Little Feat — Waiting For Columbus (album)

This notebook will be an attempt to tackle the Kaggle beginners competition for House Prices: Advanced Regression Techniques. Kaggle is a forum for learning and competing with machine learning and even offers cash prizes sponsored by companies looking to incorporate the models. I just got my hands on a notebook for Kaggle titanic problem tutorial to another beginner problem set (prepared by Andrew Conti and is available from github here) meant to address another Kaggle introductory competition, which partly inspired this approach of code-blogging (is code-blogging a thing? if not I think we should make it one).

The first step will be to evaluate and preprocess the data to prepare them for machine learning algorithms. Once complete, I will lean on a demonstration for training this type of regression problem available in Chollet’s ‘Deep Learning With Python’ section 3.8 (a book still pending release but have reviewed the MEAP pre-sale version and I highly recommend this text — the pre-sale version is available here).

This notebook is being run initially on my local Anaconda installation for data exploration and processing, and then once is time for training will transition to a AWS EC2 AMI instance which comes preloaded with several deep learning frameworks such as TensorFlow, Keras, etc. (My Macbook is a little underpowered (M chip) but hopefully won’t be an issue.) For budgetary considerations will mostly work off of the micro (cheapest hardware) AMI instance but as venture into deeper models may spend some training time on one of the versions that includes GPU hardware for speed considerations. Although these GPU instances can be pricier, they are offered on a $/hr pay-as-you-go basis, so as long as you don’t leave running outside of training period it is manageable. You can view a list of available AWS deep learning AMI’s here — Chollet recommended the official Amazon Ubuntu deep learning version although I already have a bitfusion version running so will run that for now. A startup guide for initiating a bitfusion instance is available here.

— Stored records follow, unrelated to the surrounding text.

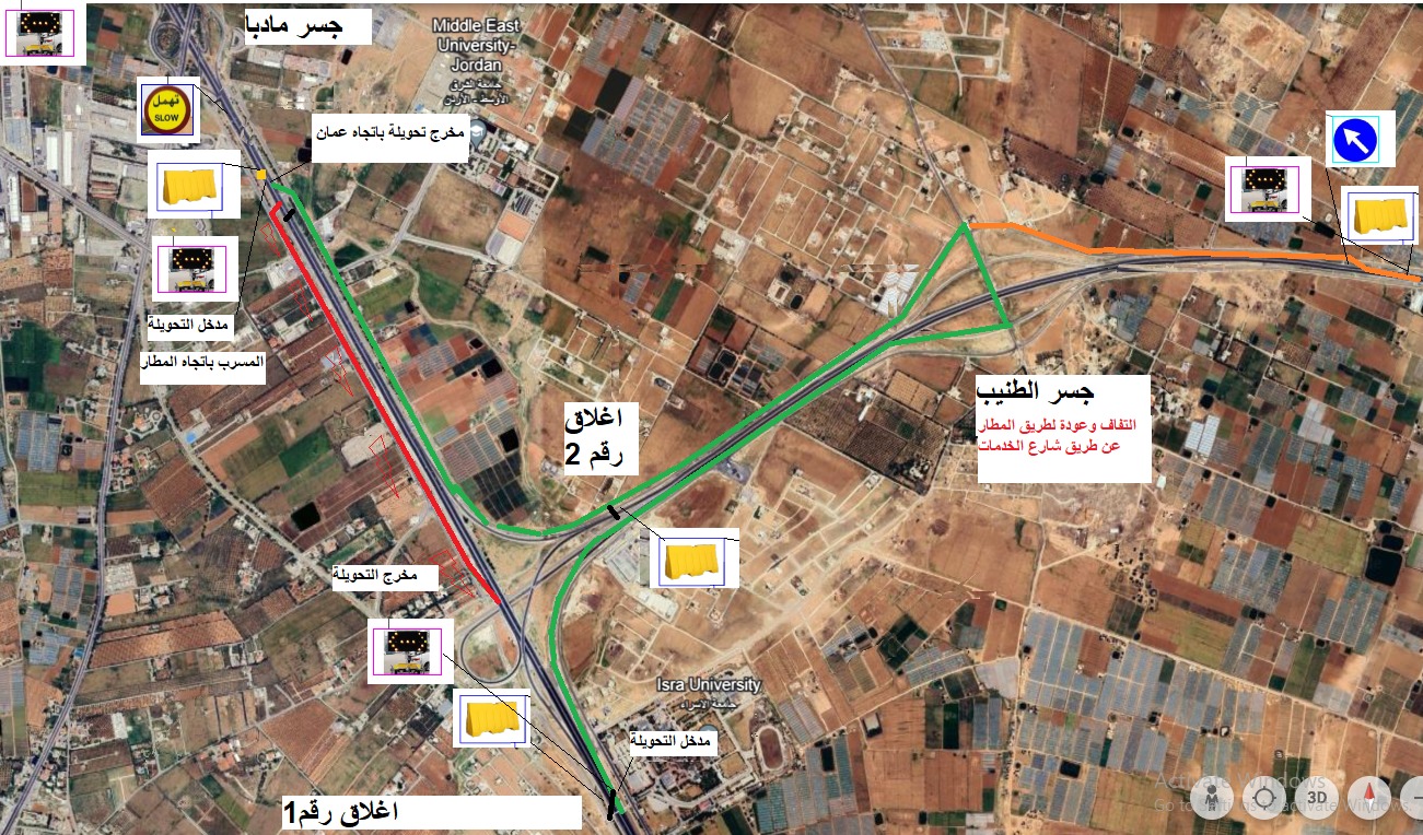 اغلاق (رقم 2) سيتم تحويل السير القادم من ممر عمان التنموي(شارع ال ١٠٠) إلى مسرب الخدمة قبل جسر الطنيب بإتجاه عمان والعودة إلى شارع المطار عبر أول مخرج لشارع الخدمات بعد موقع الجسر المراد تركيبه، و يبقى السير المتجه الى طريق مطار الملكة علياء و محافظات الجنوب كما هو.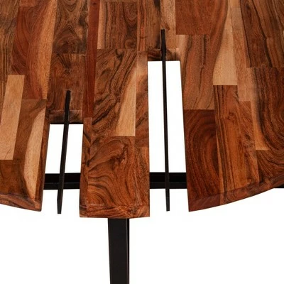 Eclectic style meets fine craftsmanship with this sophisticated Coffee Table from the Peter Collection. Featuring a round tabletop and replicated wood grain details, it is supported on knock down tubular legs with a uniquely designed X shape base. The aesthetically pleasing butcher block design imparts an astonishing flair to it. Handcrafted from the amalgam of acacia wood and steel frame for lasting durability, the dual tone finish in warm brown and striking black tone compliments the overall structure. The inbuilt metal flats make perfect stands to keep your magazines handy and organized. Enjoy your scrumptious snacks and beverages served on the table whilst lounging on your comfortable sofa set.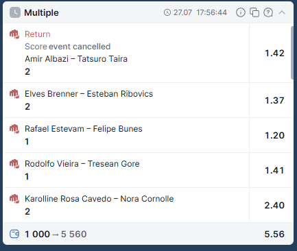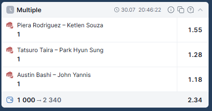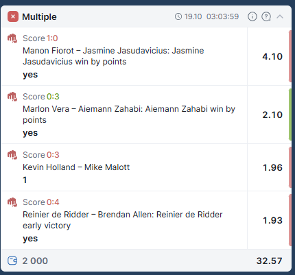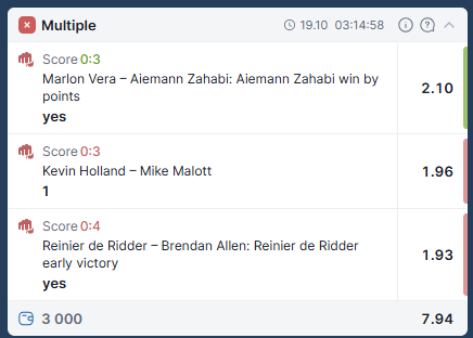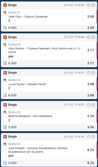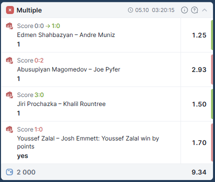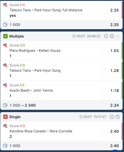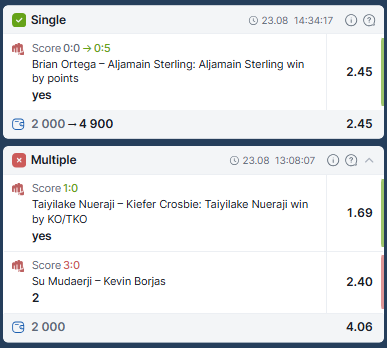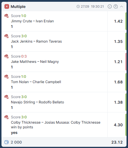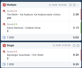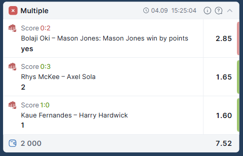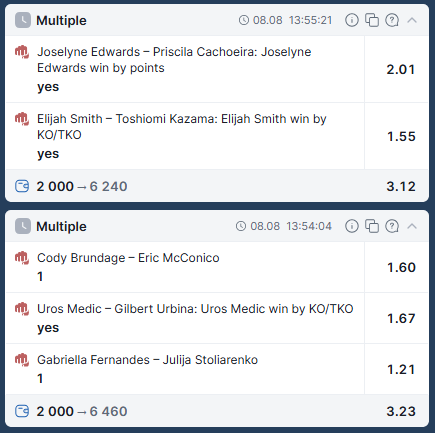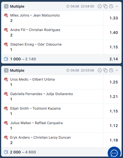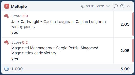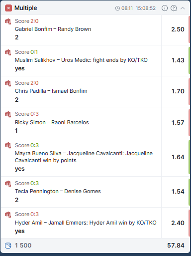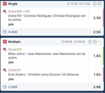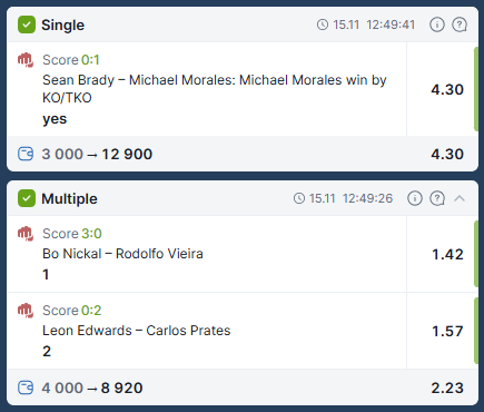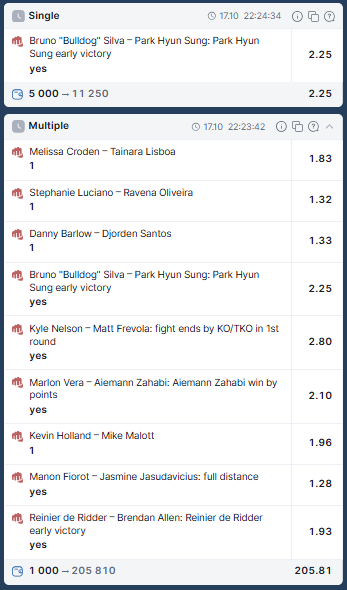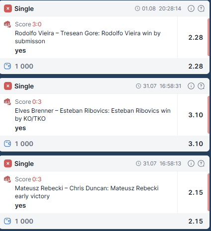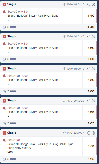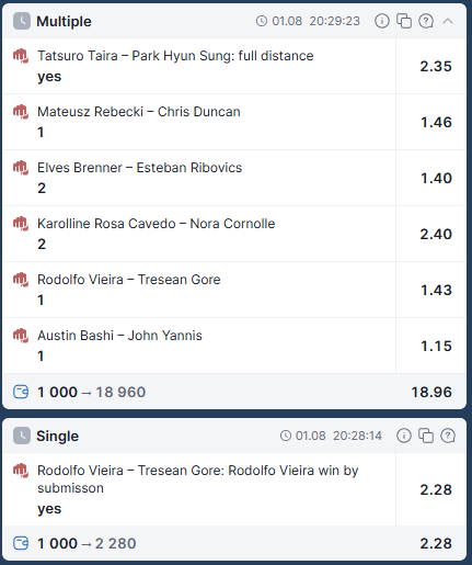 Последние 2. Виера просто хороший джитсер, что знает как использовать свою массу, особенно против оппонента значительно меньше его и с историей сдач. Экспресс уже был прояснён. Теперь осталось тока денюжек на живых ставках зарядить, но это уже на ивенте. Пока я поставил всего 8к. 3 Экспресса, 4 с условиями и один обычный. Надеемся на лучшее.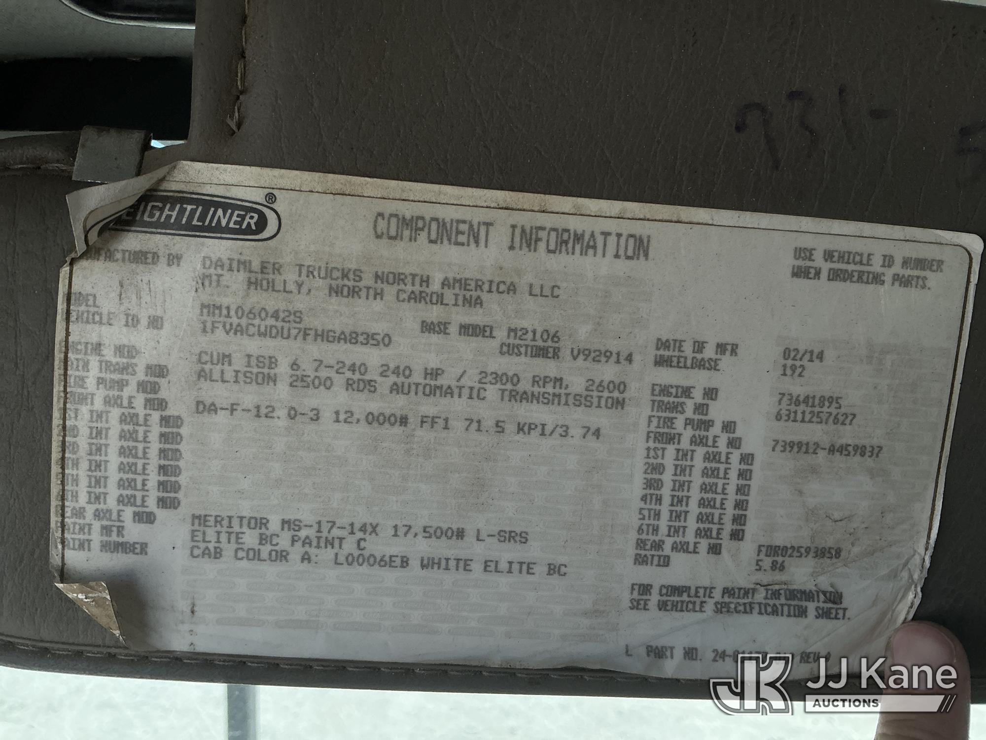 Altec LRV-56, 61 ft, Over-Center Bucket Truck s/n 0514FF2337, with single-man bucket, mounted behind cab on 2015 Freightliner M2 106 Chipper Dump Truck, Cummins ISB-240 6.7L diesel, Auto, A/C, (74,434 miles) (Runs, Moves & Upper Operates) (Check Engine Lights On) This is a Titled Item*

  • As an aside I find it unabashedly cool that this same list of AWS deep learning AMI’s includes one from BayesForge which in addition to deep learning frameworks is also preloaded with all of the public environments for quantum computing from likes of Rigetti, IBM, D-Wave, or open source equivalents.
  • As another aside it would stand to reason that AWS wouldn’t be the only platform offering GPU enabled virtual machines pre-loaded with deep learning frameworks, however when I just checked Google Cloud Compute Engine the GPU enabled instances were still in beta, so who knows maybe they’re waiting to offer machines running on that fancy new TPU chip that they started publicizing earlier this year.
comparison of chip performance of some typical machine learning tasks (source)

Although in preparation for this my first Kaggle competition have read several texts ranging from introductory to advanced, sat a few MOOC’s, and toyed around with Python, this will be my first attempt to work with a real live data set. As such will lean heavily on these tutorials and document assumptions and other sources of inspiration (read google search, stack overflow, etc) throughout. I’ll probably fall a little short of potential in custom data explorations but it’s a simple dataset so shouldn’t be too big of a deal.

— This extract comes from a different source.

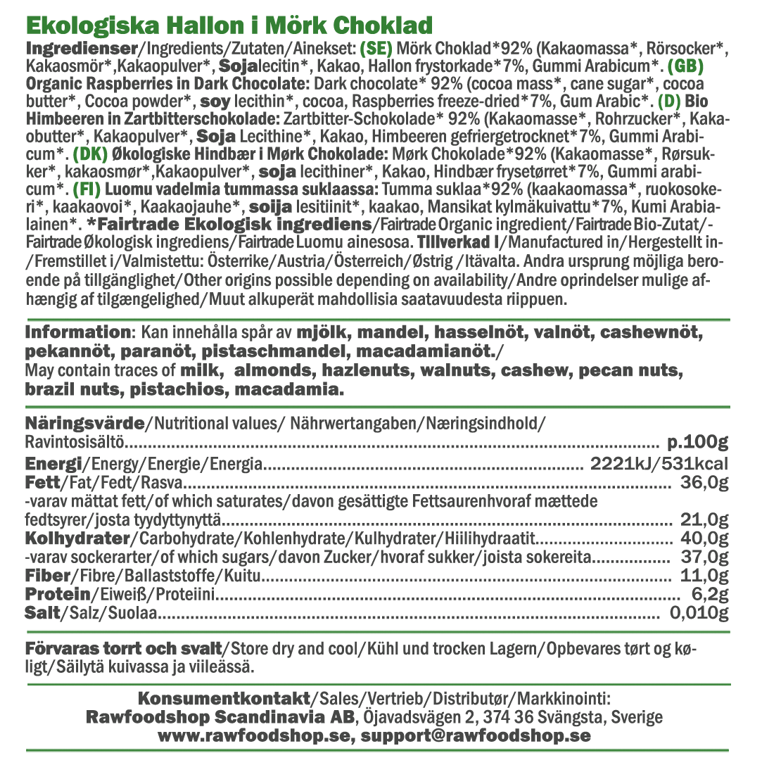 Luomupakastekuivatut vadelmamme tummassa suklaassa ovat ihana yhdistelmä hapokkaita marjoja ja rikasta, täyteläistä suklaata. Pakastekuivatut vadelmat säilyttävät intensiivisen makunsa ja rapean koostumuksensa, kun taas tumma suklaa lisää herkullisen ja pehmeän kontrastin. Tämä herkullinen sekoitus on täysin vegaaninen ja EU-luomusertifioitu. Siksi se on täydellinen valinta sinulle, joka haluat nauttia jotain todella hyvää samalla kun välität ympäristöstä.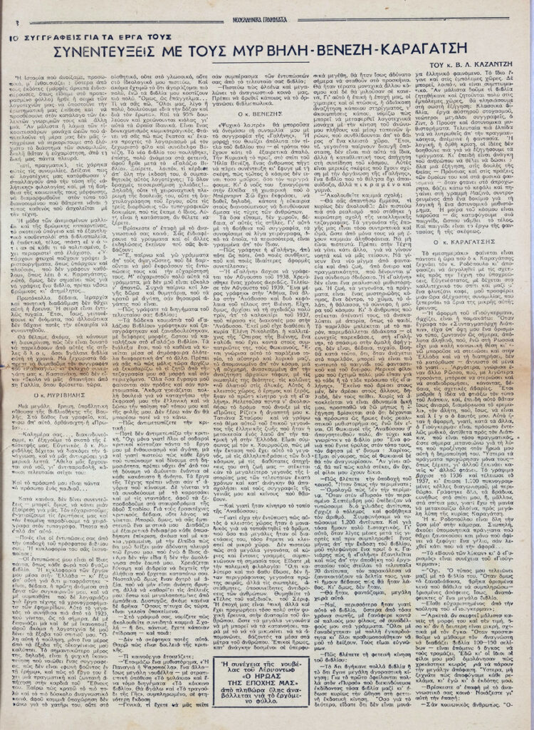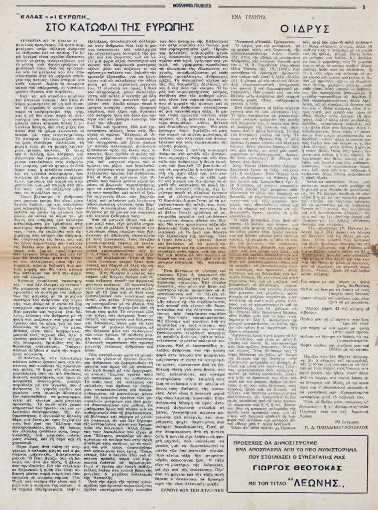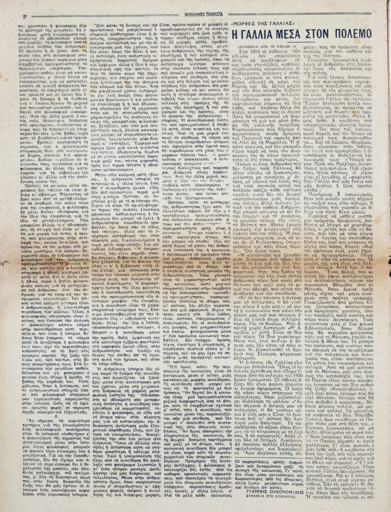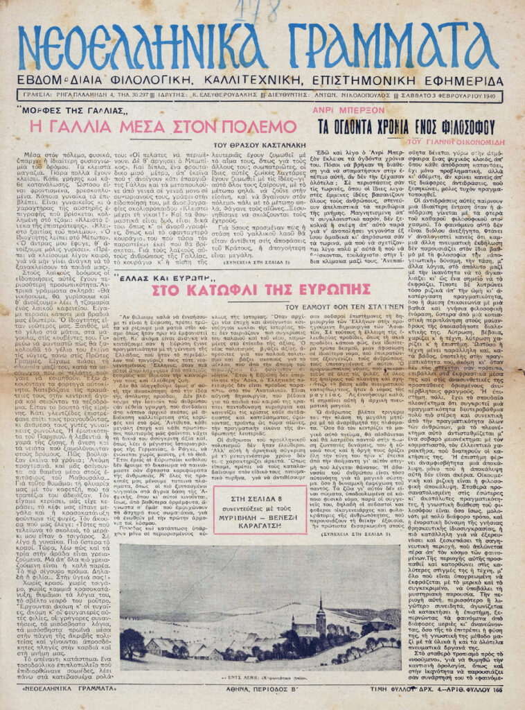 Φύλλο εφημερίδας, έντυπο, στα ελληνικά, 12 σσ. Δημοσιεύονται: Θράσος Καστανάκης “Μορφές της Γαλλίας – Η Γαλλία μέσα στον πόλεμο”, Γιάννη Οικονομίδη “Ανρί Μπερξόν – Τα ογδόντα χρόνια ενός φιλοσόφου”, Έλμουτ φον τεν Στάινεν “Ελλάς και Ευρώπη – Στο κατώφλι της Ευρώπης”, Γιάννης Κορδάτος “Η αρχαϊκή μορφή της οικογένειας” (μέρος Β’), Καρθαίος “Τα σημειώματα του παρατηρητή”, Άλντους Χάξλεϋ “Κοντραπούνκτο” (μτφρ. Σταύρος Στάγκος), Π. Δ. Παπαδημητρόπουλος “Ο Ίδρυς”, Σοφία Κ. Σπανούδη “Η μουσική ζωή – Μάριος Λάσκαρις”, Σωκράτης Καραντινός “Θ. Μουσατέσκου “Τιτάνικ Βαλς”, Φράνσι Κάρκο “Βερλαινικό”, Παναγή Λεκατσά “Ανάλεκτα”, Οδυσσέας Ελύτης “Ένα ανοιχτό γράμμα: Στον κ. Ε. Παπανούτσο”, Β.Λ. Καζαντζή “Συνεντεύξεις με τους Μυρβήλη-Βενέζη-Καραγάτση”, Γ. Κοτζιούλα “Περιδιαβάζοντας στο Άγιον Όρος”, Κούλη Ζαμπαθά “ανήμπορος στα Ψαροκάλυβα”, “Πνευματική και καλλιτεχνική κίνηση”, Σάρλ Μπωντλαίρ “Όπου νάναι εκτός του κόσμου (μτφρ. Ξενοφ. Καρακάλου), Μπερτράν ντε Ζουβενέλ ” Οι πολεμικοί σκοποί της Γερμανίας” (μτφρ. Ν. Ανδρ.). Στην πρώτη σελίδα, επιγραφή.

Yeah so anyway here we go.

Part 1: Data Exploration and Preprocessing

To make my life easy from an imports standpoint will just copy the list of imports from that titanic tutorial notebook, which should cover what we’re trying to address here.

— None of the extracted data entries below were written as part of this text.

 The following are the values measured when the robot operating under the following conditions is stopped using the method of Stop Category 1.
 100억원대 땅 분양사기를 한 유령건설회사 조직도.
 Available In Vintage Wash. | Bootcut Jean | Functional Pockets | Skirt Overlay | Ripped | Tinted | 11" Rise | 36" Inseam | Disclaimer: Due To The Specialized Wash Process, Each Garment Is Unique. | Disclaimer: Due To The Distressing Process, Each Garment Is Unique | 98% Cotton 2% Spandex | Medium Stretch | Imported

So if you’re trying to follow along and running these imports from a bitfusion virtual machine (as I did initially), you may receive an import error with a few of the apis such as statsmodels (although this one won’t be an issue if you’re running this from Anaconda) — not to worry statsmodels it turns out was just a statistics library used in the titanic notebook which I will just not use here. Actually you know what since am not using will just delete from the import list any not applicable to avoid any bugs that could result from the import error.

Another error from the titanic tutorial imports you’ll see independent of which environment you’re running your notebook in is associated with a library called KaggleAux which appears to be a custom tool for preparing Kaggle data in some fashion — I’ll just intend to do any of these steps manually so will delete the KaggleAux import as well to avoid another error.

So current agenda is to read training data, explore, decide on which features to include in our model, how they should be transformed to improve training efficiency, then begin data processing to prepare for regression analysis. Note that the output of our data processing will be to convert the training data set to corresponding dataframes x_train (training features), y_train (training labels i.e. house prices), x_val (validation features), y_val (validation labels). We’ll also need to perform comparable transformations on the test data to create x_test (test features). Ok we’re ready to look at the data now.

Note that missing values are represented as “NaN” which I assume stands for not a number(?).

So even though there are 81 columns to this dataset (reference the shape description at the bottom of the output), there are only ~20 displayed. Is it skipping columns like it is skipping rows? But I don’t see any marking to indicate where such a skipping is taking place. (oh wait just found where the skipping is taking place, between Utilities and PoolArea)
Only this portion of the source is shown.